The world is full of strange places. Some you’ll find in travel guides; others you’ll only hear about from local lore. Whether they’re formed thanks to the influence of nature or human hands, these places pique the interests of travelers everywhere. Spanning the globe from Mexico to Japan to Western Europe, these are some of the most weird and wonderful places in the world.
This small island just off the coast of Japan is home to hundreds of friendly, if feral cats.Years ago, the natives brought cats to the island of Tashirojima to help contain the growing mice population. After years of unchecked breeding, the cat population exploded. Today, only around 100 people live on Cat Island, and it’s safe to say the island’s cats outnumber the people.
In the middle of the island, you’ll find a cat shrine known as Neko-jinja. When the island was more populated (by humans), fixed-net fishing was popular. Fishermen from all over would spend the night on Tashirojima, and cats would flock to the inns where the fishermen were staying to beg for scraps of food. In Japan, cats symbolize good luck and good fortune, and feeding them will make their luck more likely to rub off on you. Soon, the men were feeding the cats and developing soft spots for them. Realizing that the cats had a greater understanding of their environment, the men started observing the animals to determine weather and fish patterns—which increased their fishing yields.
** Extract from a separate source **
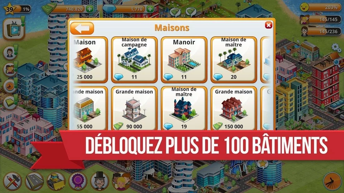 Dans ce jeu - Cité village, simulation d'île - Village Build Sim, tout devra repartir de zéro. Vous aurez un champ ouvert et vous commencerez par construire une petite ville. Attirez plus de résidents dans votre ville. Construisez pour eux l'un des 85 bâtiments disponibles. Créez des emplois, ouvrez de nouveaux domaines - la pêche et même le pétrole. Si vous avez de la chance, vous trouverez de l'or pirate.

According to island lore, one day, a fisherman accidentally dropped a rock onto a cat that had helped him catch more fish. the impact killed the feline. Filled with guilt, he buried the cat and built a shrine to its honor. That shrine still stands, along with about 10 others. If you visit Cat Island, you’ll find yourself surrounded by cats, cat monuments, and cat shrines.
The Silfra Rift
Thingvellir National Park, Iceland
Have you ever wanted to be two places at once? If you’re willing to dive for it, you can be in the Silfra rift. Silfra is an underwater rift between the North American and Eurasian plates. In some sections of the rift, you’ll find yourself within arms reach of both plates. The rift was created by the two tectonic plates pulling away from each other, forming a freshwater gap.
Located in Iceland, the rift is a popular spot for scuba divers and snorkelers. The water is stunningly clear with 300 feet of visibility. Since no rivers flow into this Icelandic lake, the water is filtered out through nearby, porous volcanic rock cliffs. This natural filtering system leaves the water utterly clear. The water, which originates from Langjökull (the second largest glacier in Iceland), filters through the volcanic rock slowly, taking as long as 100 years to enter the rift.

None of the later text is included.